Data for the task:
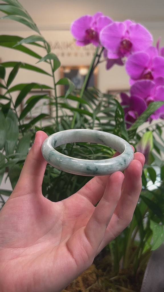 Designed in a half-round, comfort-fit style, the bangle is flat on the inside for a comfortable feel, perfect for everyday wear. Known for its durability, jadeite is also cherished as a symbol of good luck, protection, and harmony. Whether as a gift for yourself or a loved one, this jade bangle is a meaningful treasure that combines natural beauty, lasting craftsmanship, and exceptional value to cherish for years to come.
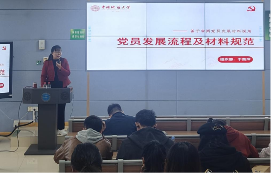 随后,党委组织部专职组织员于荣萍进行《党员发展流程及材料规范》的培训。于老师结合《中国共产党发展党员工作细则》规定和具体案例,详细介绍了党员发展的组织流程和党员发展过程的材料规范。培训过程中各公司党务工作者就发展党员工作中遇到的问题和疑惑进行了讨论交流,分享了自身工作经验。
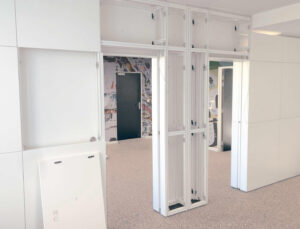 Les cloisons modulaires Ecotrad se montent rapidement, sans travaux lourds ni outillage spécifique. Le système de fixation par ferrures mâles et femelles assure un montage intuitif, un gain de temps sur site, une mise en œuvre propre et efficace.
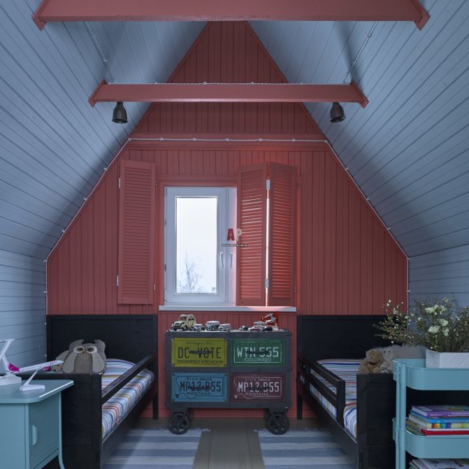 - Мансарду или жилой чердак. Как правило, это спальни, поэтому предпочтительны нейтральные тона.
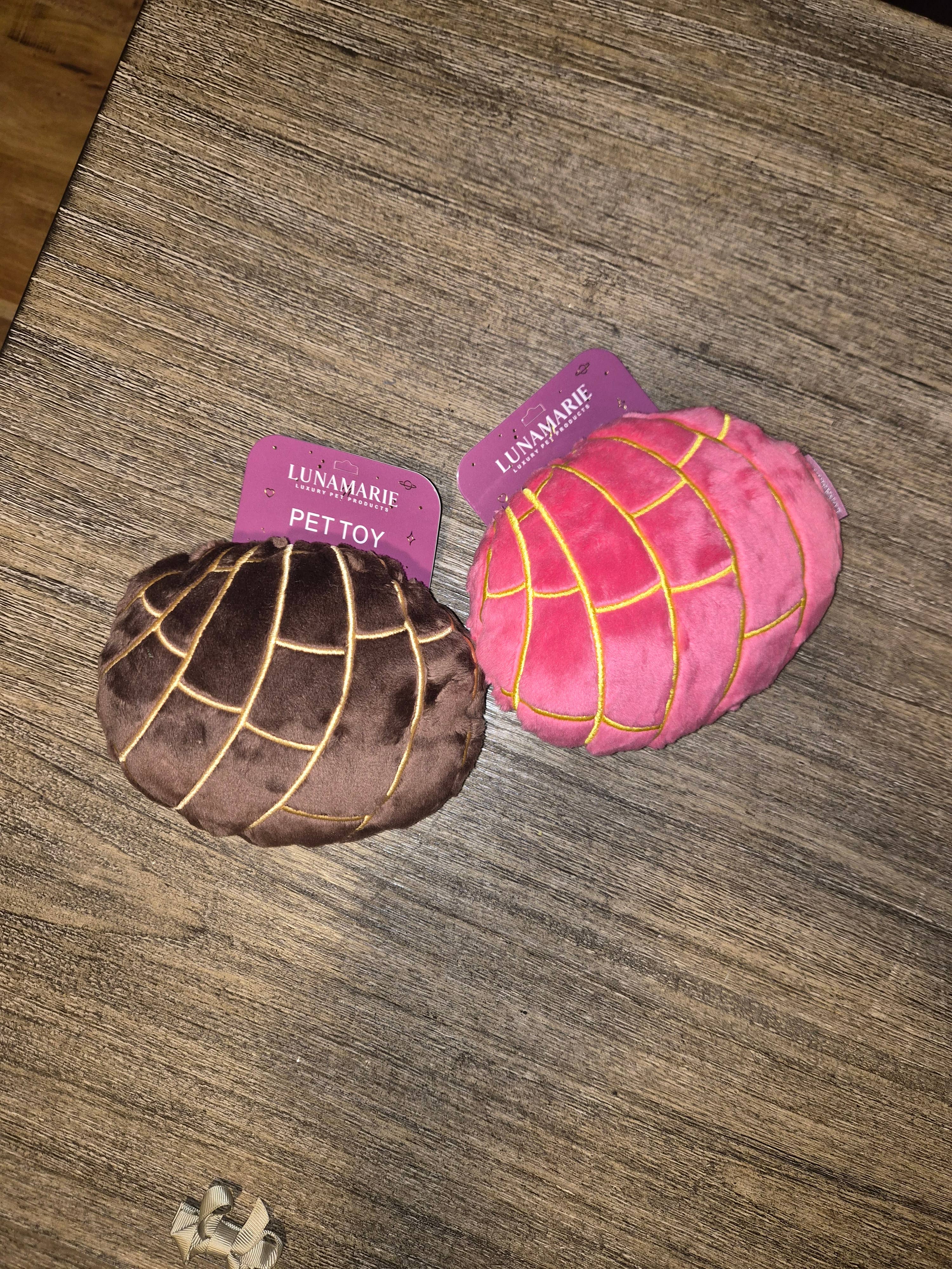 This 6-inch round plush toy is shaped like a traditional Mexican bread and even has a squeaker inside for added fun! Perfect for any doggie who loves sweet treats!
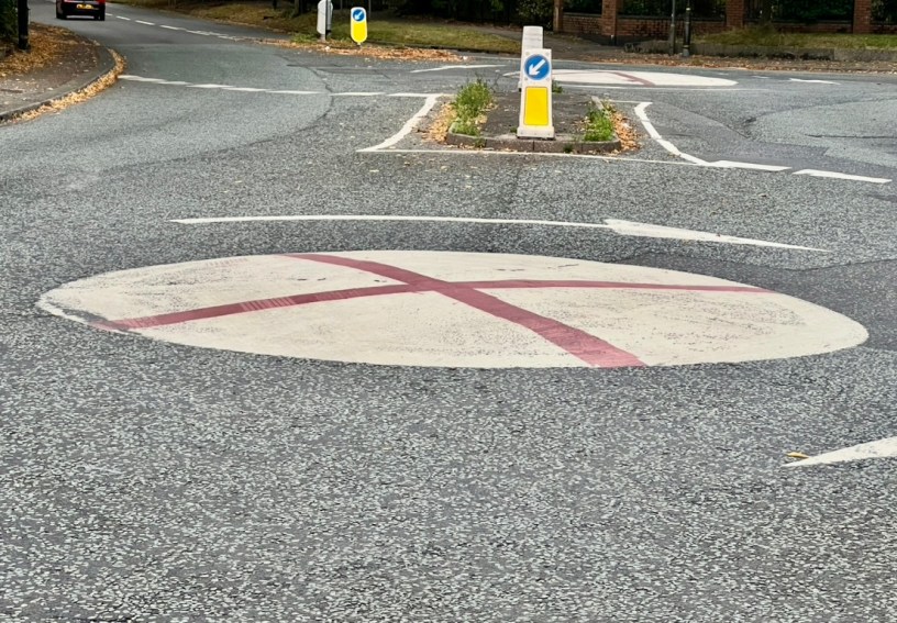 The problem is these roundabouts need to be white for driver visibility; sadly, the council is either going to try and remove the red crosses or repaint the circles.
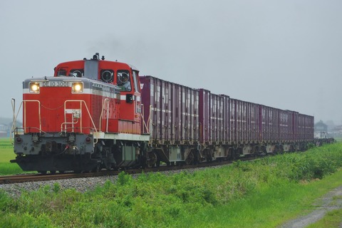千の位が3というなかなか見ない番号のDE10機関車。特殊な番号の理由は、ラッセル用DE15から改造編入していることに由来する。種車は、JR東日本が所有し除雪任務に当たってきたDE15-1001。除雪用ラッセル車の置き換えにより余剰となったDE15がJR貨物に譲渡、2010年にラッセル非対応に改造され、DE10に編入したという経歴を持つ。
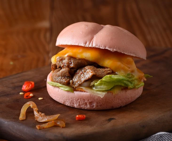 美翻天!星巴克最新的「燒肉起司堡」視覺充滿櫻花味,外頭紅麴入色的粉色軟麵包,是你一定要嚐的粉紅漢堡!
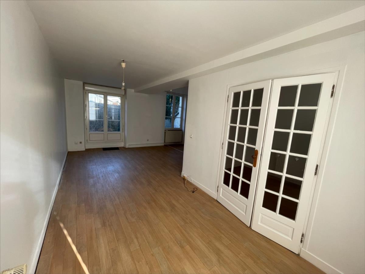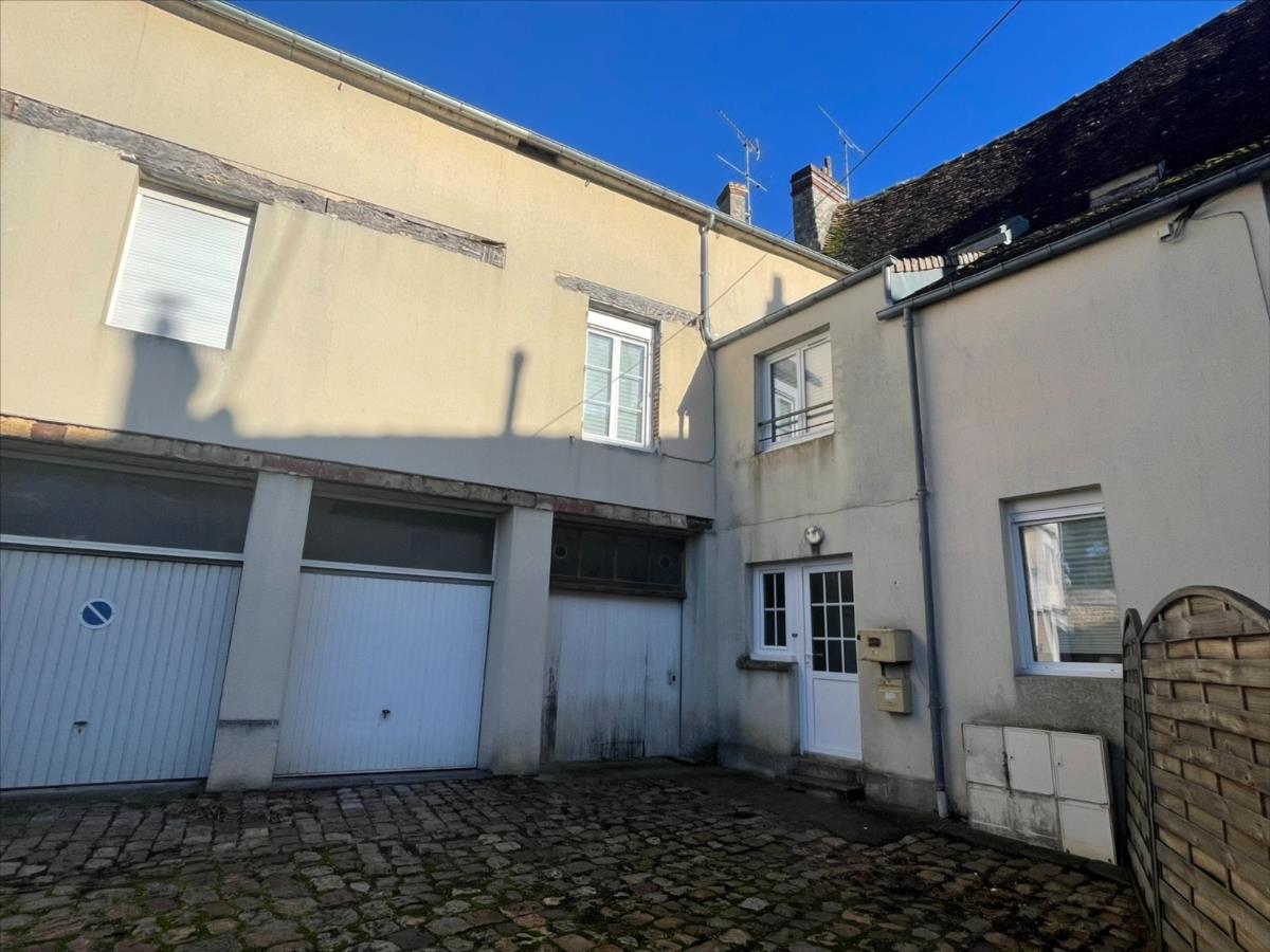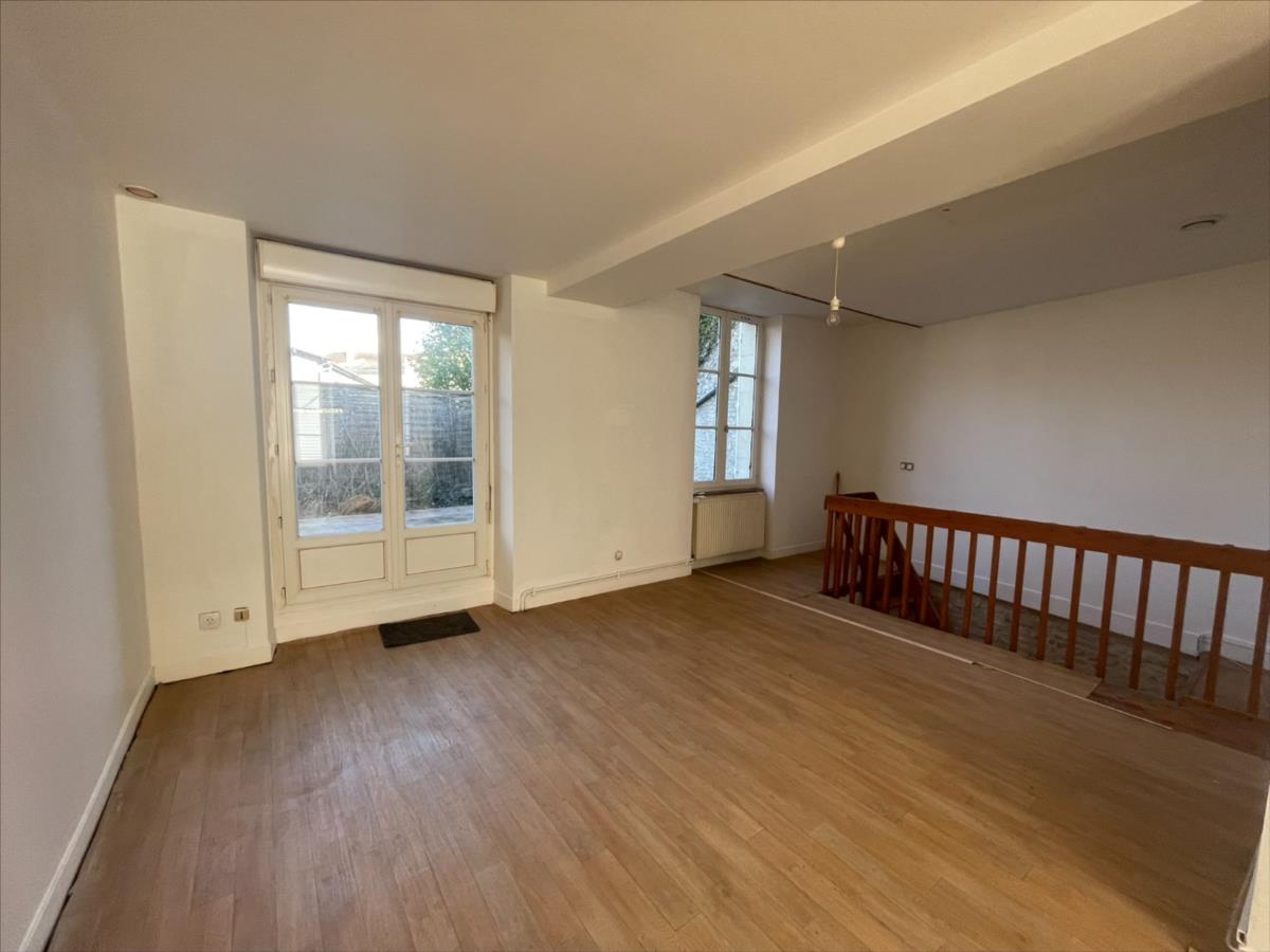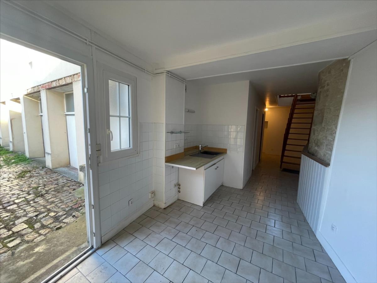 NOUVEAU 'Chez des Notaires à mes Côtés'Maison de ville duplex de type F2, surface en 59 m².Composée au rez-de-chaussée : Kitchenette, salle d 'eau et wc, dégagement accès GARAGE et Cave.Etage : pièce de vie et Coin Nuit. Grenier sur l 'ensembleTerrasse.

Work required:
Transcribe all the lines above exactly, apart from the pictures.

Output below:
 Designed in a half-round, comfort-fit style, the bangle is flat on the inside for a comfortable feel, perfect for everyday wear. Known for its durability, jadeite is also cherished as a symbol of good luck, protection, and harmony. Whether as a gift for yourself or a loved one, this jade bangle is a meaningful treasure that combines natural beauty, lasting craftsmanship, and exceptional value to cherish for years to come.
 随后,党委组织部专职组织员于荣萍进行《党员发展流程及材料规范》的培训。于老师结合《中国共产党发展党员工作细则》规定和具体案例,详细介绍了党员发展的组织流程和党员发展过程的材料规范。培训过程中各公司党务工作者就发展党员工作中遇到的问题和疑惑进行了讨论交流,分享了自身工作经验。
 Les cloisons modulaires Ecotrad se montent rapidement, sans travaux lourds ni outillage spécifique. Le système de fixation par ferrures mâles et femelles assure un montage intuitif, un gain de temps sur site, une mise en œuvre propre et efficace.
 - Мансарду или жилой чердак. Как правило, это спальни, поэтому предпочтительны нейтральные тона.
 This 6-inch round plush toy is shaped like a traditional Mexican bread and even has a squeaker inside for added fun! Perfect for any doggie who loves sweet treats!
 The problem is these roundabouts need to be white for driver visibility; sadly, the council is either going to try and remove the red crosses or repaint the circles.
千の位が3というなかなか見ない番号のDE10機関車。特殊な番号の理由は、ラッセル用DE15から改造編入していることに由来する。種車は、JR東日本が所有し除雪任務に当たってきたDE15-1001。除雪用ラッセル車の置き換えにより余剰となったDE15がJR貨物に譲渡、2010年にラッセル非対応に改造され、DE10に編入したという経歴を持つ。
 美翻天!星巴克最新的「燒肉起司堡」視覺充滿櫻花味,外頭紅麴入色的粉色軟麵包,是你一定要嚐的粉紅漢堡!
 NOUVEAU 'Chez des Notaires à mes Côtés'Maison de ville duplex de type F2, surface en 59 m².Composée au rez-de-chaussée : Kitchenette, salle d 'eau et wc, dégagement accès GARAGE et Cave.Etage : pièce de vie et Coin Nuit. Grenier sur l 'ensembleTerrasse.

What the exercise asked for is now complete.